1325 Inanda

Discovery
- Discovered by: C. Jackson
- Discovery site: Johannesburg Obs.
- Discovery date: 14 July 1934

Designations
- Named after: Inanda (South African township)
- Alternative designations: 1934 NR · 1926 RP 1930 OD
- Minor planet category: main-belt · (middle) background

Orbital characteristics
- Epoch 4 September 2017 (JD 2458000.5)
- Uncertainty parameter 0
- Observation arc: 82.80 yr (30,241 days)
- Aphelion: 3.1900 AU
- Perihelion: 1.8917 AU
- Semi-major axis: 2.5408 AU
- Eccentricity: 0.2555
- Orbital period (sidereal): 4.05 yr (1,479 days)
- Mean anomaly: 165.02°
- Mean motion: 0° 14^{m} 36.24^{s} / day
- Inclination: 7.4205°
- Longitude of ascending node: 14.393°
- Argument of perihelion: 336.80°

Physical characteristics
- Dimensions: 9.97±2.30 km 10.87±0.6 km 10.890±0.110 km 12.34±0.61 km
- Synodic rotation period: 20.52±0.05 h 24 h (poor) 141.6±0.2 h (poor)
- Geometric albedo: 0.20±0.13 0.303±0.034 0.374±0.041 0.3742±0.0407 0.3756±0.043
- Spectral type: S
- Absolute magnitude (H): 11.50 · 11.66±0.28 · 12.2 · 12.37

= 1325 Inanda =

Main-belt asteroid

1325 Inanda, provisional designation , is a stony background asteroid from the central regions of the asteroid belt, approximately 11 kilometers in diameter. It was discovered on 14 July 1934, by South African astronomer Cyril Jackson at the Union Observatory in Johannesburg. The asteroid was named after the township of Inanda in South Africa.

== Orbit and classification ==

Inanda is a non-family asteroid of the main belt's background population. It orbits the Sun in the central main-belt at a distance of 1.9–3.2 AU once every 4 years and 1 month (1,479 days; semi-major axis of 2.54 AU). Its orbit has an eccentricity of 0.26 and an inclination of 7° with respect to the ecliptic.

The asteroid was first identified as at Johannesburg in September 1926. The body's observation arc begins with its official discovery observation in July 1934.

== Physical characteristics ==

Inanda has been characterized as a stony, common S-type asteroid by Pan-STARRS photometric survey.

=== Rotation period ===

In November 2007, a rotational lightcurve of Inanda was obtained from photometric observations by American astronomer Brian Warner at his Palmer Divide Observatory in Colorado. Lightcurve analysis gave an ambiguous rotation period of 20.52 hours with an alternative period solution of 35.83 hours and a brightness amplitude of 0.12 magnitude (U=2). The results supersede previous observations that gave a fragmentary lightcurve with a period of 24 and 141.6 hours respectively (U=1/1).

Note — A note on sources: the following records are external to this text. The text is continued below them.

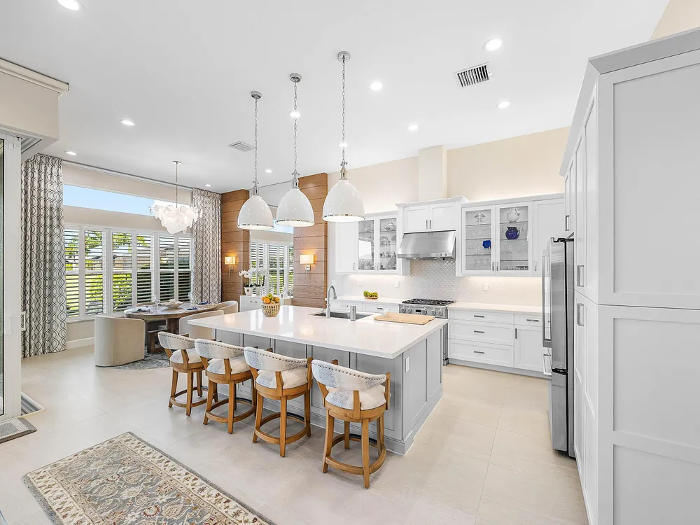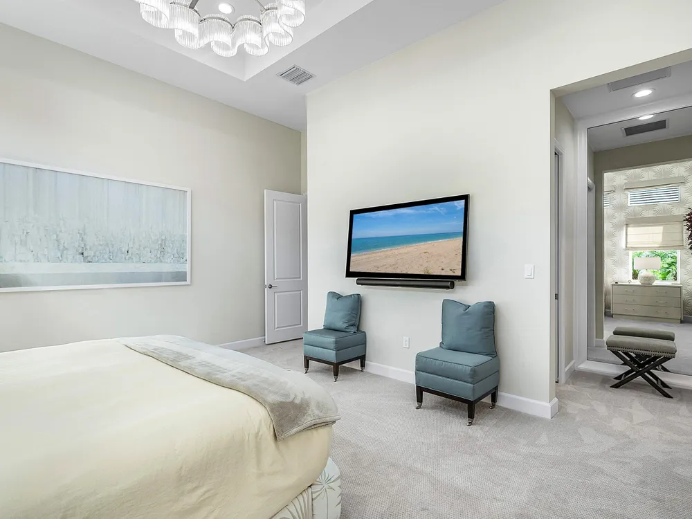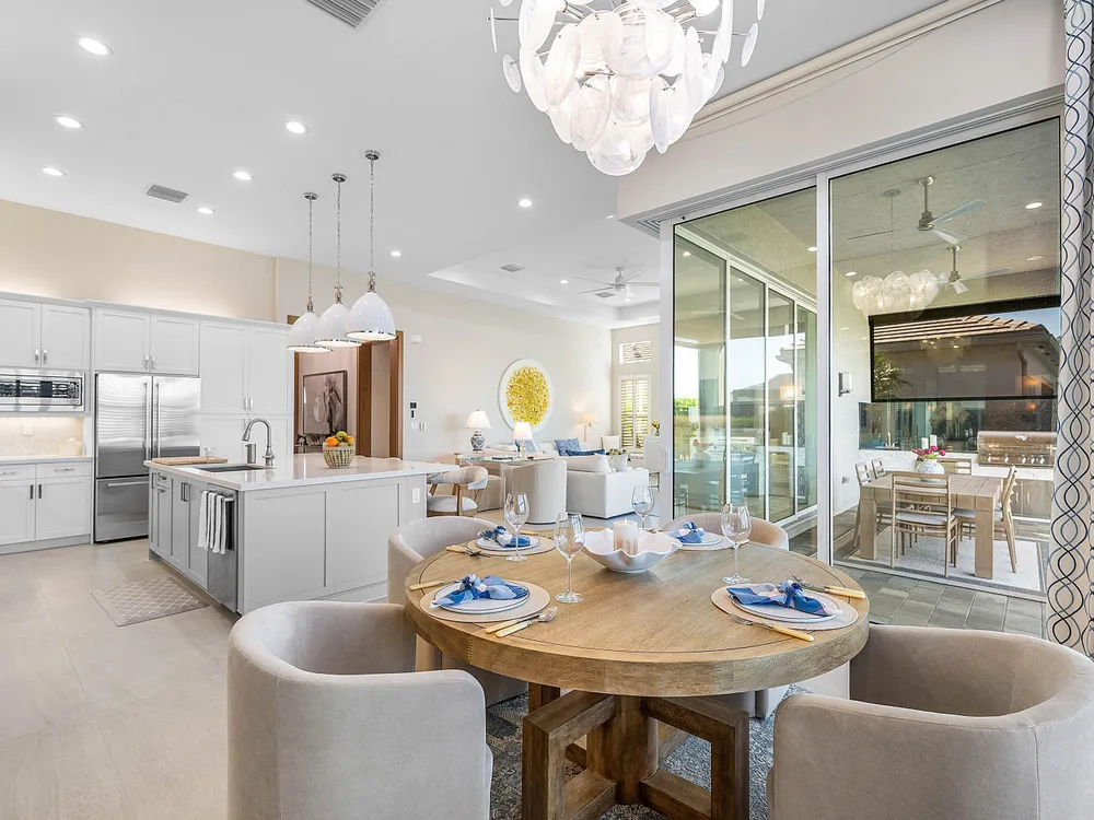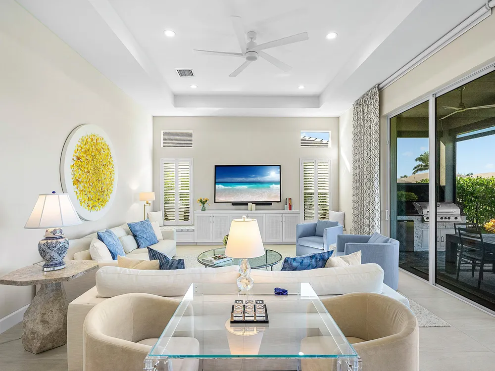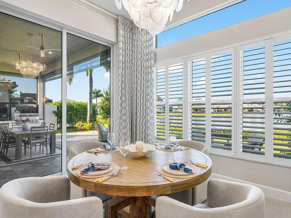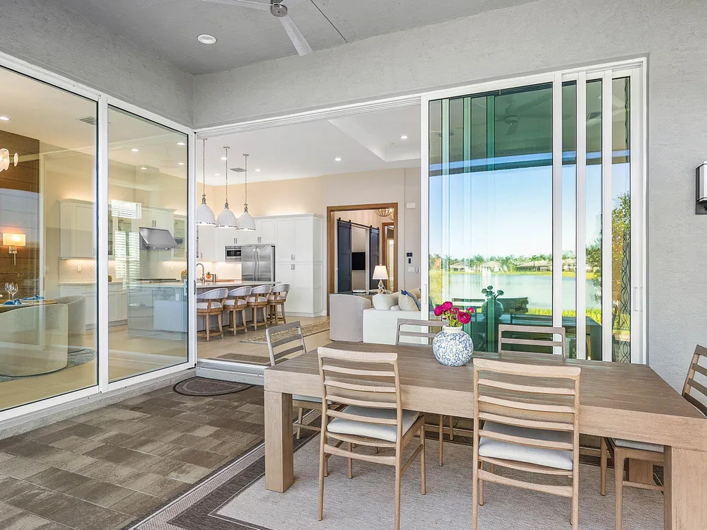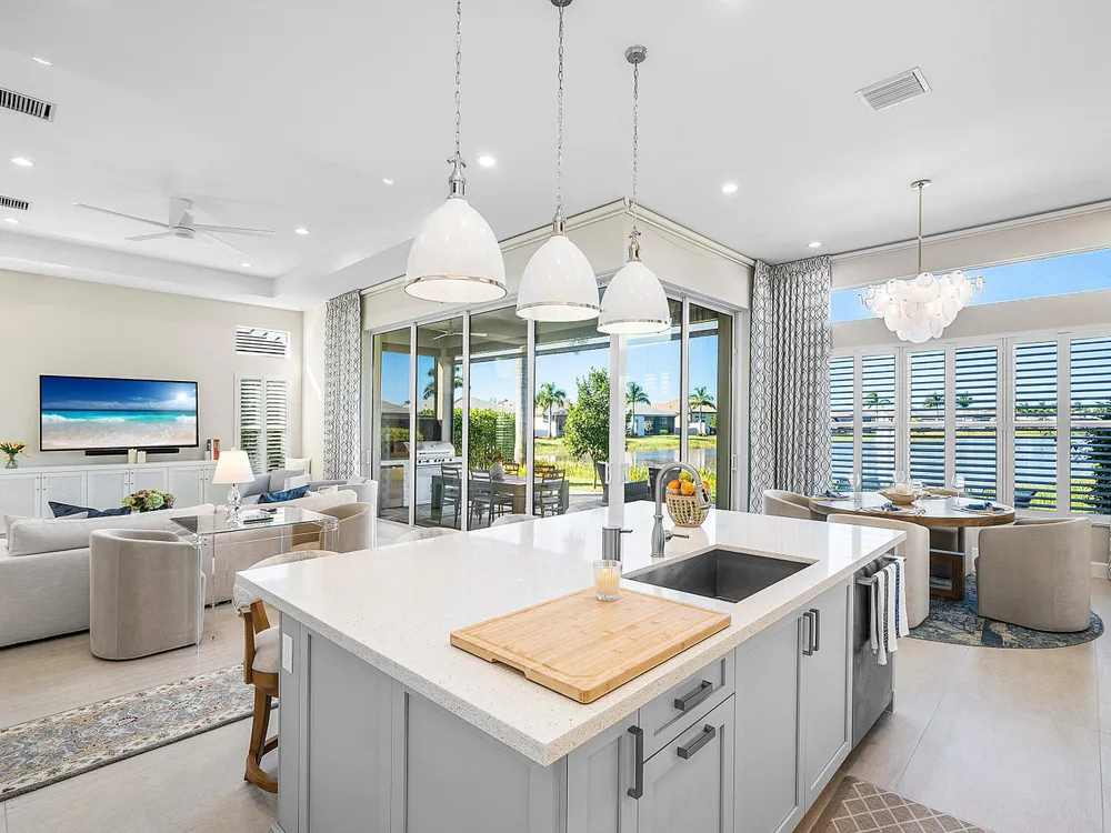 Situated in the distinguished 55+ gated community of Valencia Sound in Boynton Beach, this Aruba model comes with DESIGNER FURNITURE INCLUDED! The home offers 2 bedrooms plus a den, 2 full baths, with professional designed upscale interior and exterior finishes. It includes a whole-house generator, designer Serene & Lily light fixtures, retractable blinds with Phantom screens, decorative accent woodwork walls, and a summer kitchen overlooking a long lake view. The home is also built with impact windows for added safety and durability.As a resident of Valencia Sound, you gain access to all of its resort-style amenities: a 38,000+ square foot clubhouse featuring a full-service restaurant, sports lounge, ballroom with stage, cooking studio!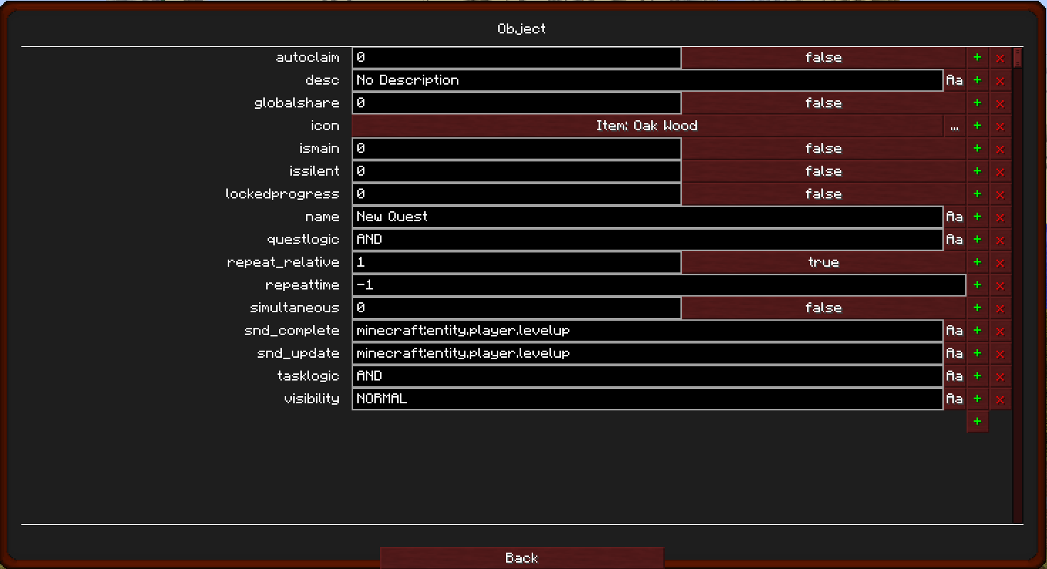 preRequisites, tasks and rewards simply lists anything you have already created in those categories. Click on properties:Object... then click betterquesting:Object.... Now you should see this screen: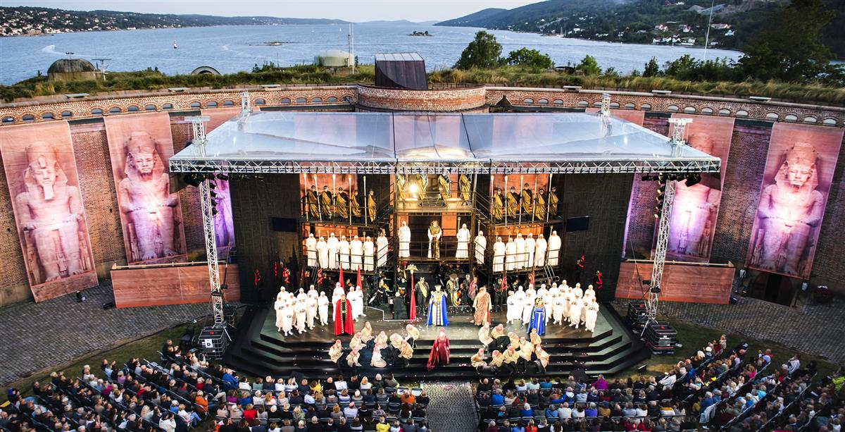 mennesker som ser på opera utendørs ved Oscarsborg - Klikk for stort bildeOscarsborgoperaen Dag Jenssen/VisitGreaterOslo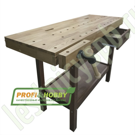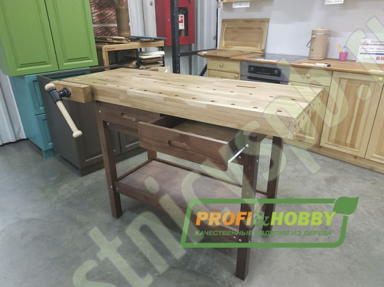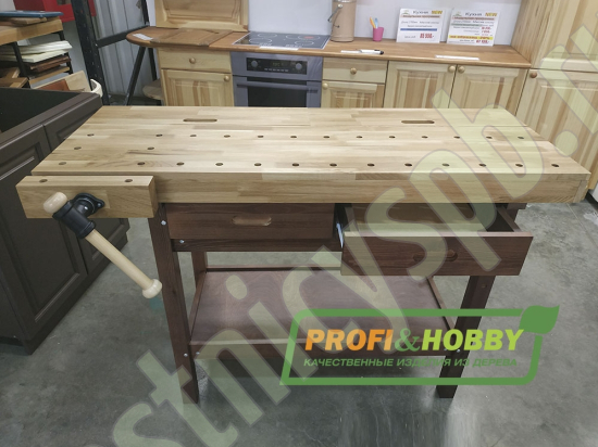 Комплектация: 1 тиски, 2 пенала в столешнице, 2 выдвижных ящика, полка для инструментов.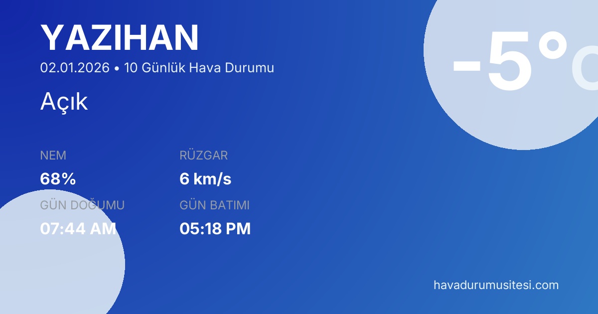 Yazihan için 10 günlük detaylı hava durumu tahmini. Son güncelleme: 02.01.2026 19:01 | Veriler uluslararası meteoroloji standartlarına uygun olarak işlenmektedir.

=== Diameter and albedo ===

According to the surveys carried out by the Infrared Astronomical Satellite IRAS, the Japanese Akari satellite and the NEOWISE mission of NASA's Wide-field Infrared Survey Explorer, Inanda measures between 9.97 and 12.34 kilometers in diameter and its surface has an albedo between 0.20 and 0.3756.

The Collaborative Asteroid Lightcurve Link adopts the results obtained by IRAS, that is, an albedo of 0.3756 and a diameter of 10.87 kilometers based on an absolute magnitude of 11.5.

=== Occultation ===

On 12 November 2007, an occultation suggested that Inanda could be a binary asteroid. However, the asteroid's suspected binary nature has not been mentioned in other studies since then.

== Naming ==

This minor planet was named after the South African, Zulu-speaking Township of Inanda, KwaZulu-Natal. The official naming citation was mentioned in The Names of the Minor Planets by Paul Herget in 1955 (H 121).